• EXERCISE REQUIREMENTS
Your reply is to be the lines below, exactly as written, with images omitted.

• INFORMATION PROVIDED
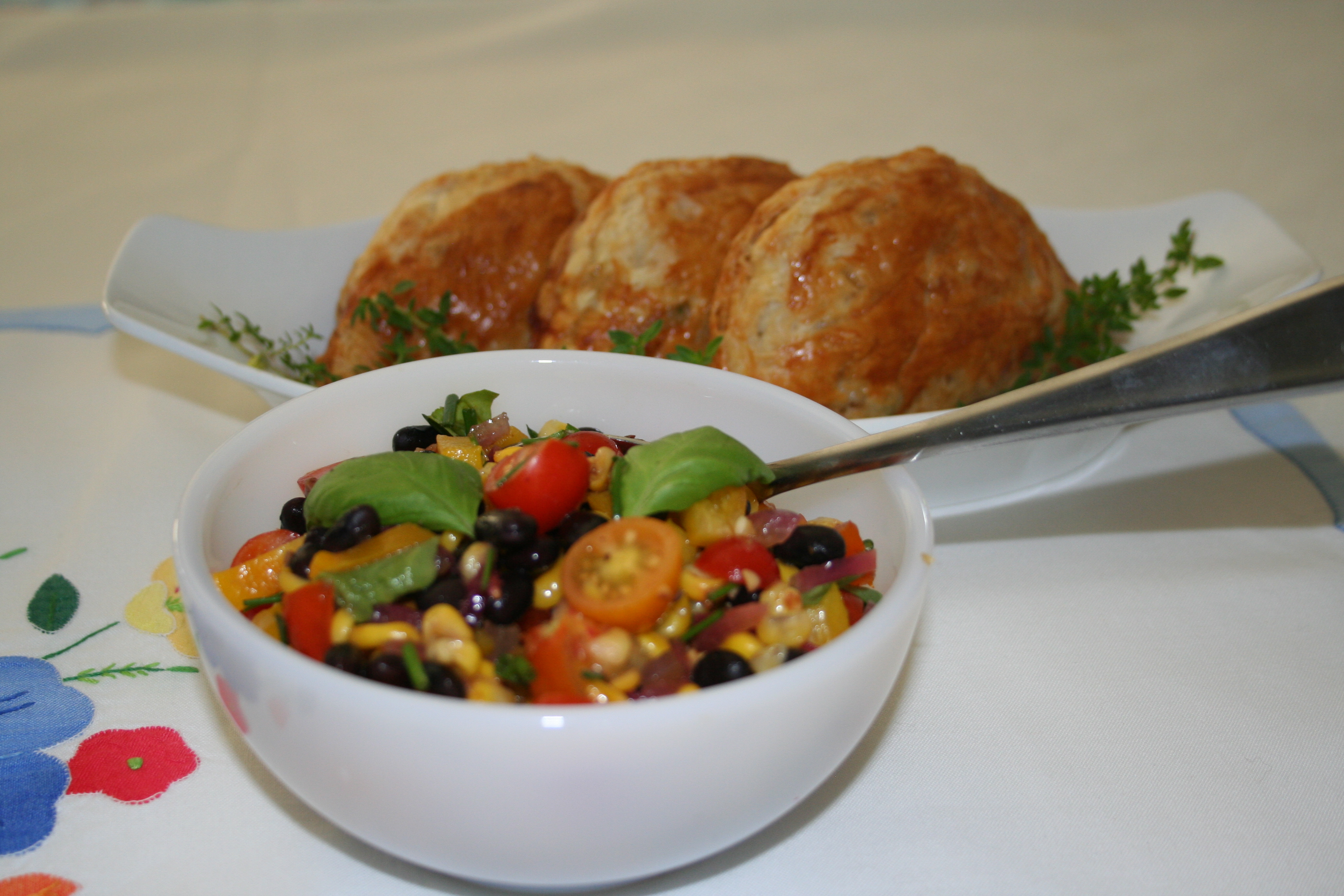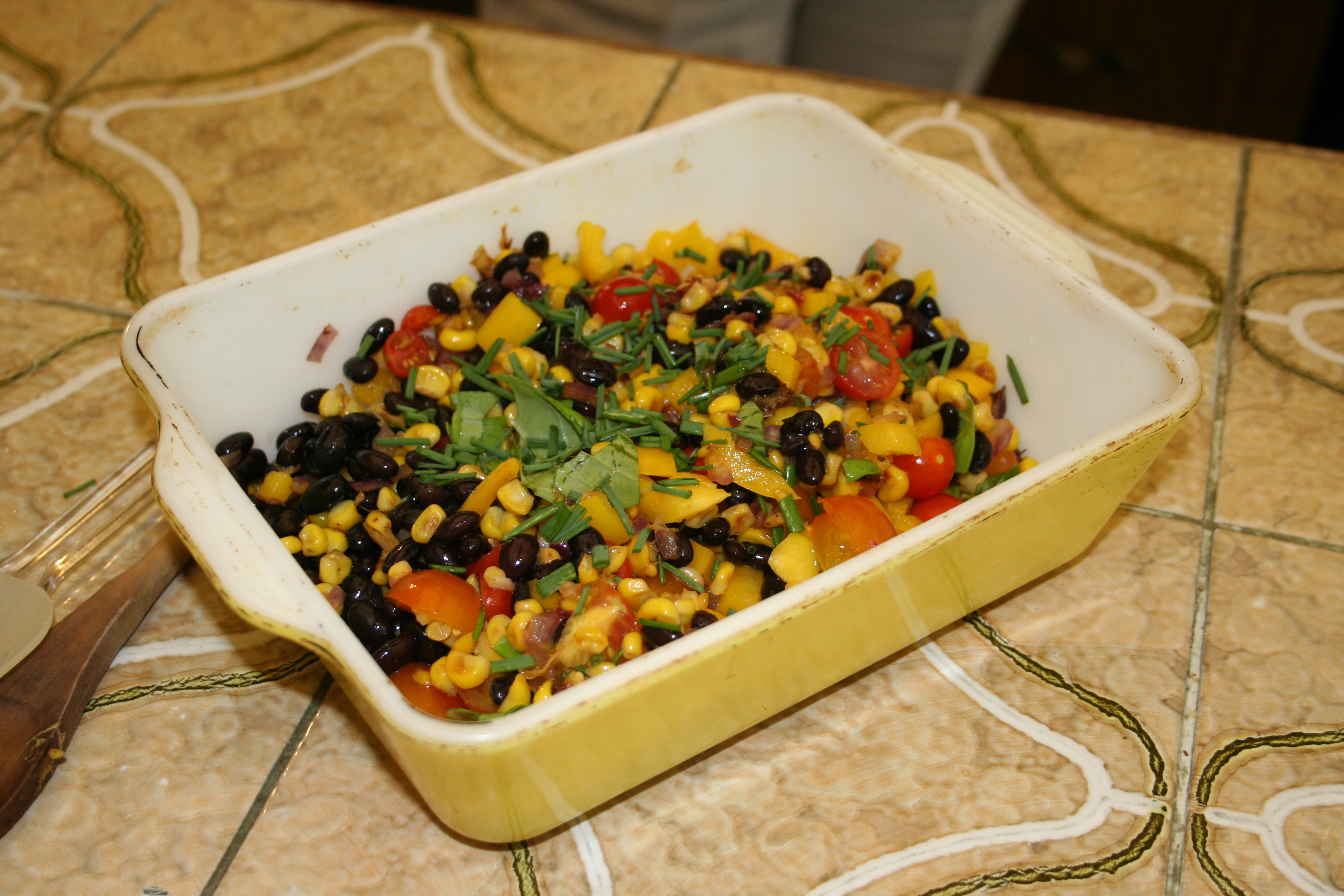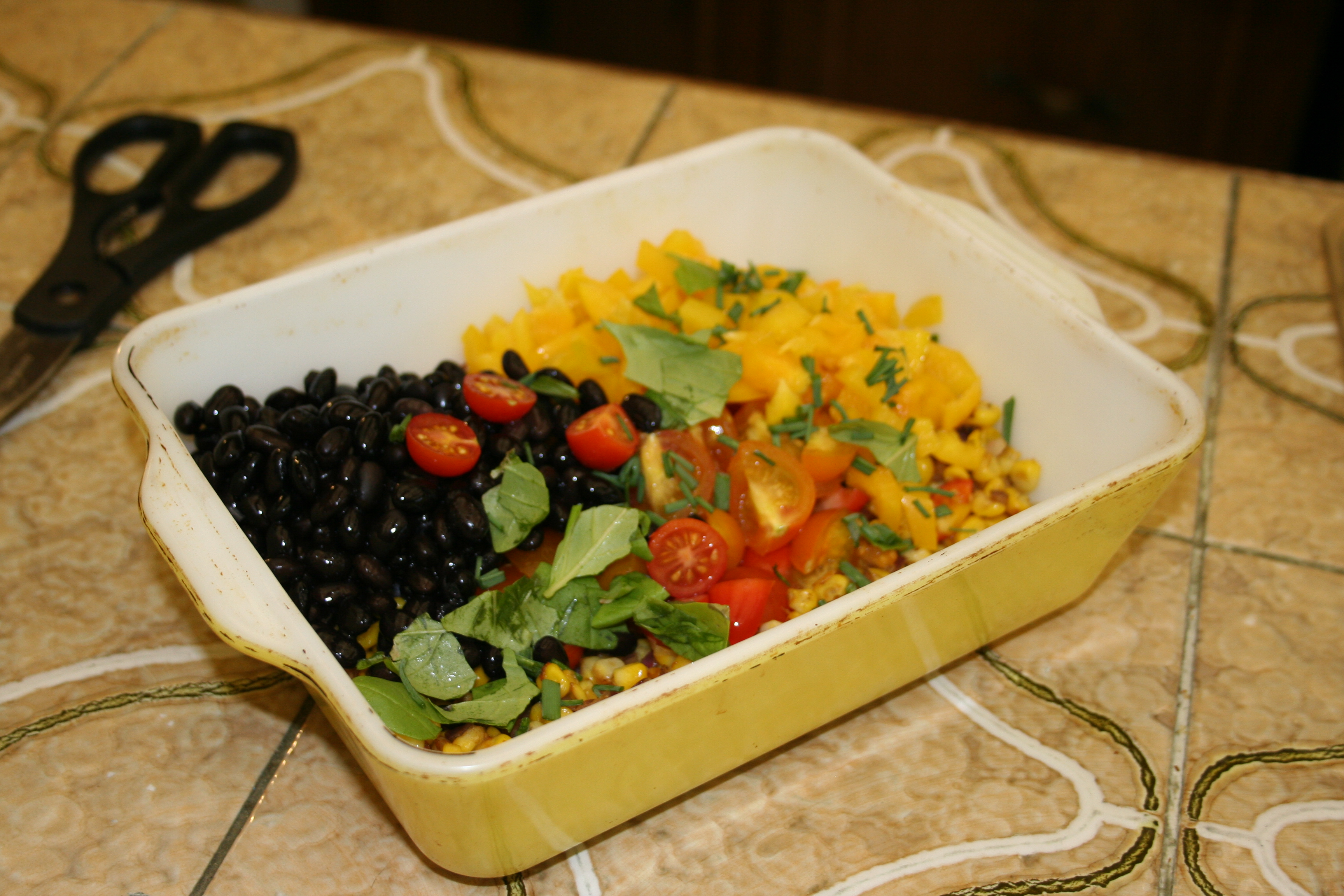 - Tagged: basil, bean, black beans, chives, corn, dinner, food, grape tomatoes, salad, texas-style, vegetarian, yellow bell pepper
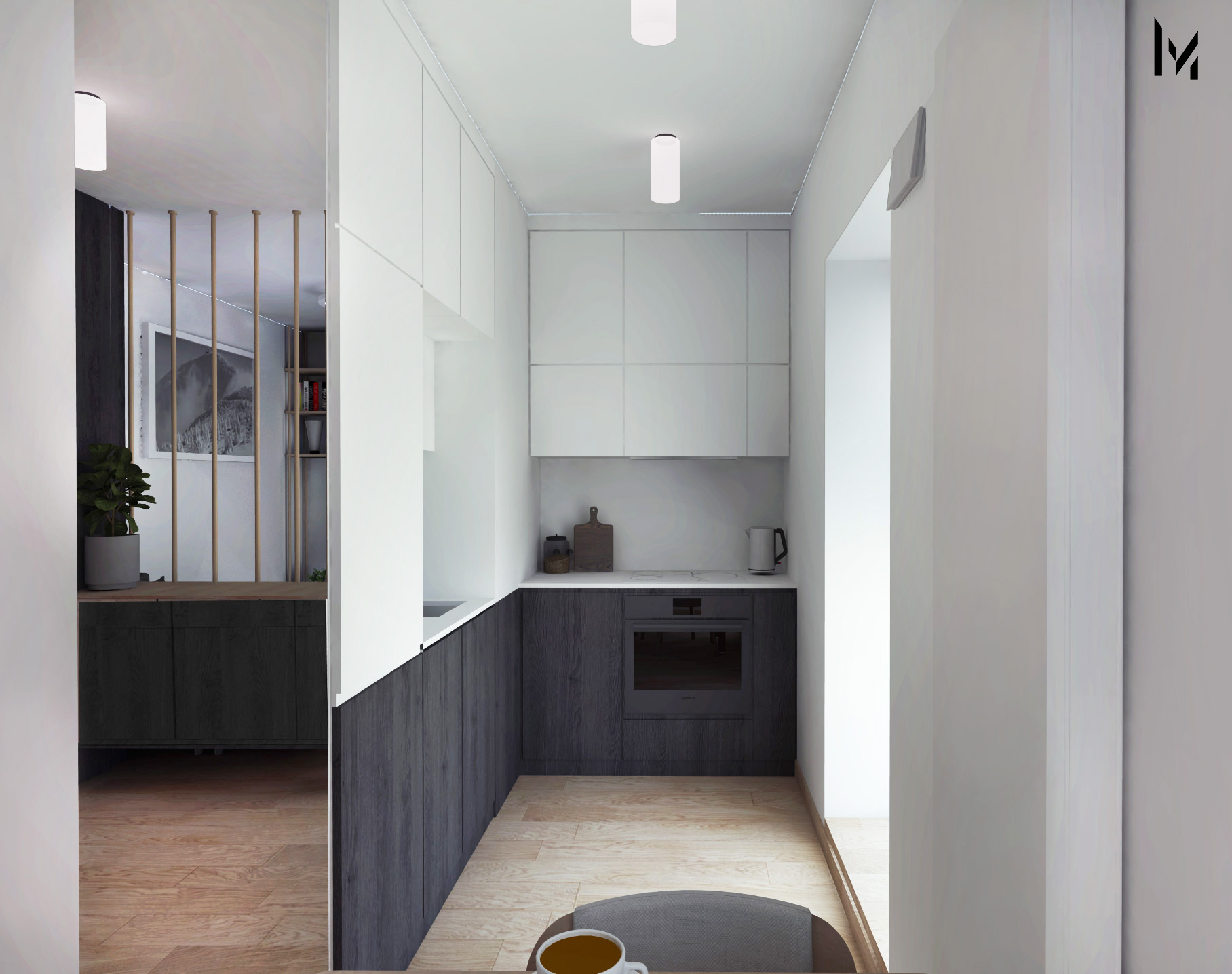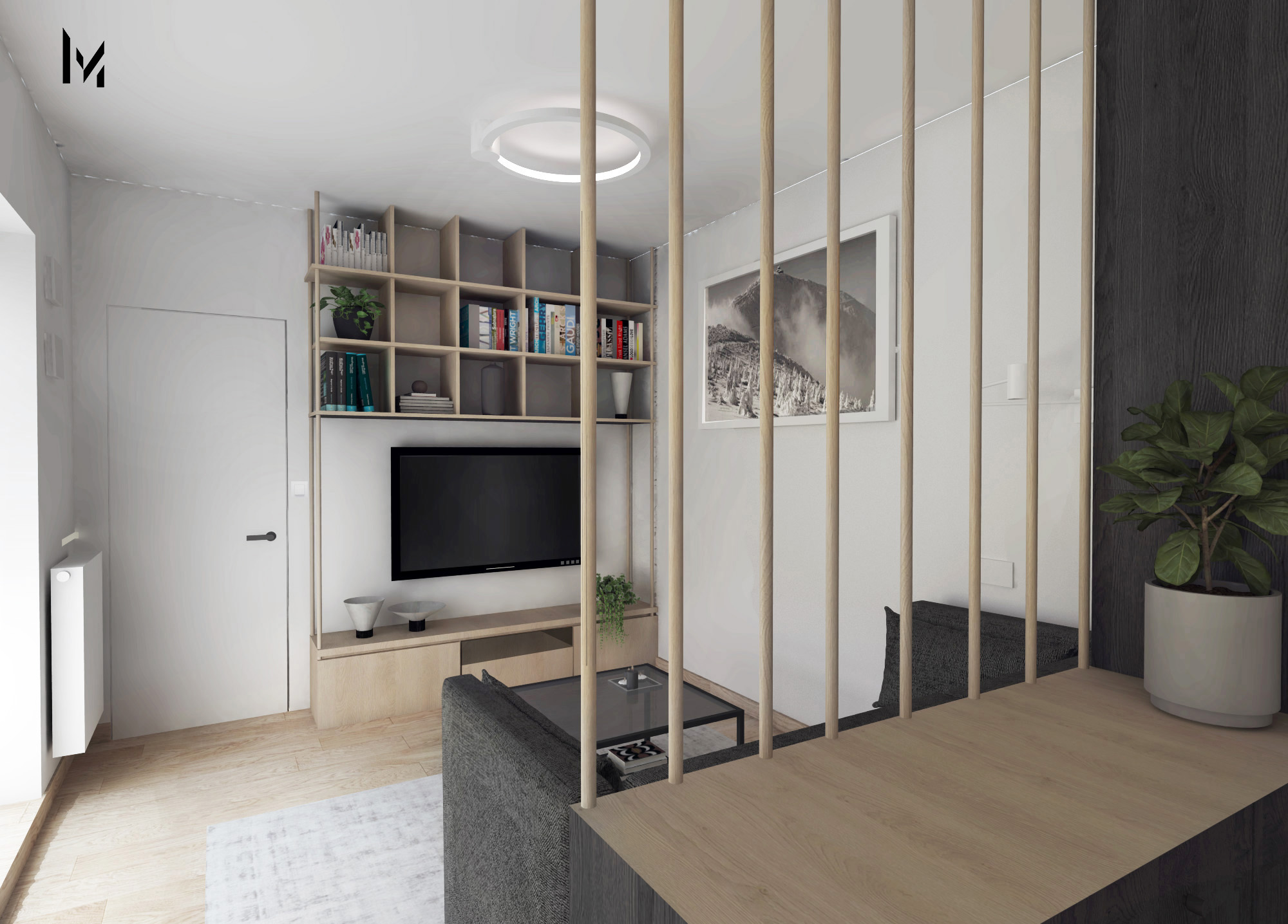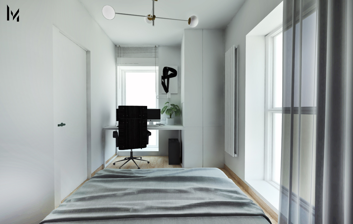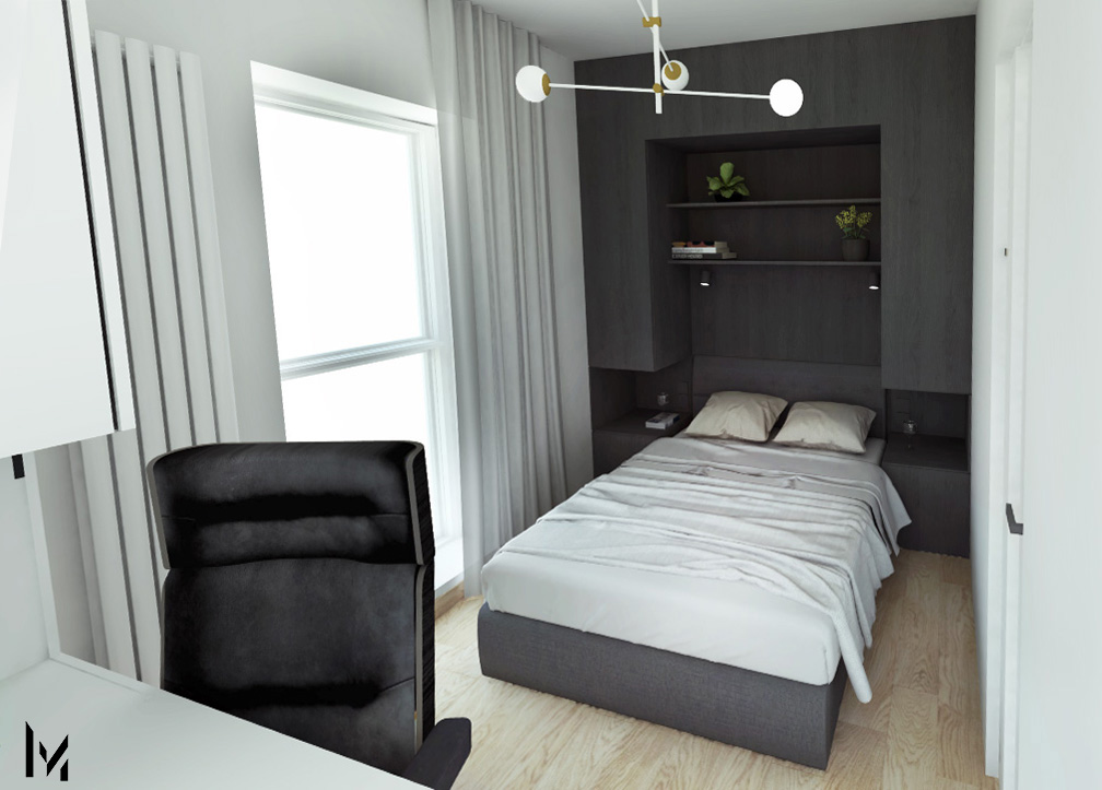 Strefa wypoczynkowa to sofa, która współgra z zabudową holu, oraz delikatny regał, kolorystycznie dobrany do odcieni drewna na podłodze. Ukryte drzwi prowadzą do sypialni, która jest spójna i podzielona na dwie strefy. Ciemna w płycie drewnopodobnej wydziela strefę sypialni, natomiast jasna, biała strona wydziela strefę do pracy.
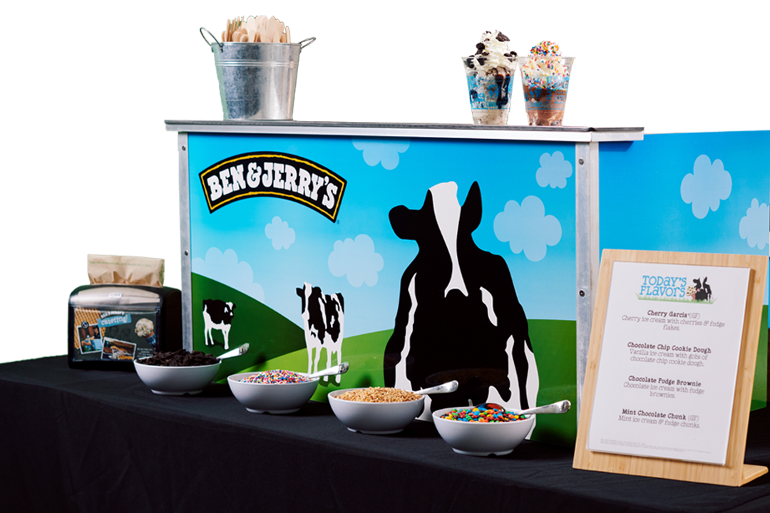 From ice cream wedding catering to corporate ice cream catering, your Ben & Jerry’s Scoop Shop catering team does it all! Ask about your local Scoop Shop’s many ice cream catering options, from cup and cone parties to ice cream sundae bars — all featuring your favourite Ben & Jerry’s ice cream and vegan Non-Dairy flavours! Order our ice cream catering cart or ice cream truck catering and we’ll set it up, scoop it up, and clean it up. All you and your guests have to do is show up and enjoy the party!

• RESULT OF THE TASK
 - Tagged: basil, bean, black beans, chives, corn, dinner, food, grape tomatoes, salad, texas-style, vegetarian, yellow bell pepper
 Strefa wypoczynkowa to sofa, która współgra z zabudową holu, oraz delikatny regał, kolorystycznie dobrany do odcieni drewna na podłodze. Ukryte drzwi prowadzą do sypialni, która jest spójna i podzielona na dwie strefy. Ciemna w płycie drewnopodobnej wydziela strefę sypialni, natomiast jasna, biała strona wydziela strefę do pracy.
 From ice cream wedding catering to corporate ice cream catering, your Ben & Jerry’s Scoop Shop catering team does it all! Ask about your local Scoop Shop’s many ice cream catering options, from cup and cone parties to ice cream sundae bars — all featuring your favourite Ben & Jerry’s ice cream and vegan Non-Dairy flavours! Order our ice cream catering cart or ice cream truck catering and we’ll set it up, scoop it up, and clean it up. All you and your guests have to do is show up and enjoy the party!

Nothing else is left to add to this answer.